The US federal budget deficit surged to just over 9% of GDP or about $1.4 trillion in FY2009, including interest expense. The messy bankruptcy of Lehman Brothers and the bailout of AIG September 2008 had spooked financial markets. Under President Bush, then-Treasury Secretary Paulson had gone to the US Congress for a trillion dollars of emergency spending. As this money was disbursed, the budget deficit ballooned. For some analysts, given the depth of the recession and huge job losses, it seemed that it could take a decade or more to return to fiscal stability. That negative analysis could not have been more wrong.

The US economy has been growing in real GDP terms since late 2009. And despite losing over 850,000 jobs in the government sector, private job growth has been quite strong since 2010. Corporate profits have had a very robust recovery over the last several years, and the consumer has become more confident. So despite government retrenchment at all levels – federal, state, and local – the private sector has fueled surging government tax revenues. Inflows to the US Treasury were up 8% in FY2013 compared to FY2012, for example.

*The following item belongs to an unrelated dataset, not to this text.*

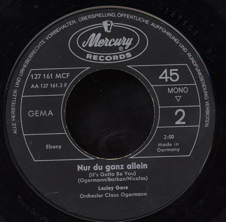 Lesley Gore hat meines Wissens auch drei deutschsprachige Scheiben herausgebracht. Eine davon ist die Mercury Single 127161 von 1964 (Little, little Liebling / Nur du ganz allein).
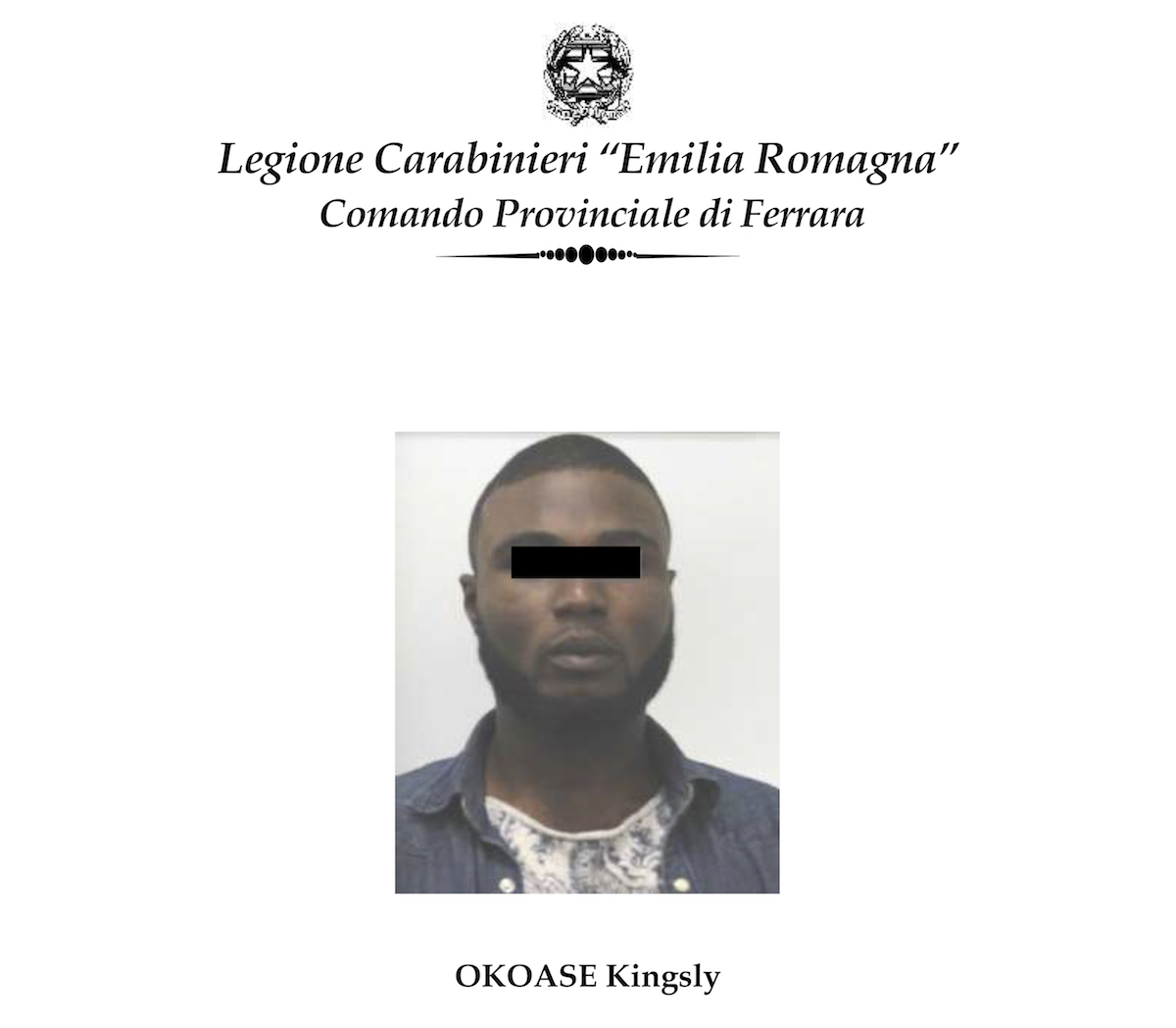 I carabinieri lo hanno quindi condotto in caserma per i necessari approfondimenti dove, una volta concluse le procedure di identificazione, è emerso che si trattava proprio di Kingsly Okoase, sul quale pendeva il “fermo di indiziato di delitto” emesso in data 30 agosto dalla Procura della Repubblica di Ferrara per il reato di tentato omicidio aggravato.

If the US economy can post growth above 3% in real GDP terms in 2014, as we think it can (see “US Economy: Solid Momentum Entering 2014” at www.cmegroup.com/putnam), then tax revenues are likely to continue to grow at a healthy pace. In the meantime, a divided US Congress and no major new spending legislation have meant that federal government expenditure growth has been virtually non-existent for the last few years. This is a powerful combination – robust tax revenue growth and flat expenditures – for deficit reduction. Our base case scenario is for about a federal budget deficit in FY2015 of 1.5% of GDP, and since interest expense is likely to be in the 1.5% to 2% range, this translates into a balanced operational budget. The Congress Budget Office is not as optimistic, but one can expect revisions in their long-term projections should the economy stay as healthy as we hope.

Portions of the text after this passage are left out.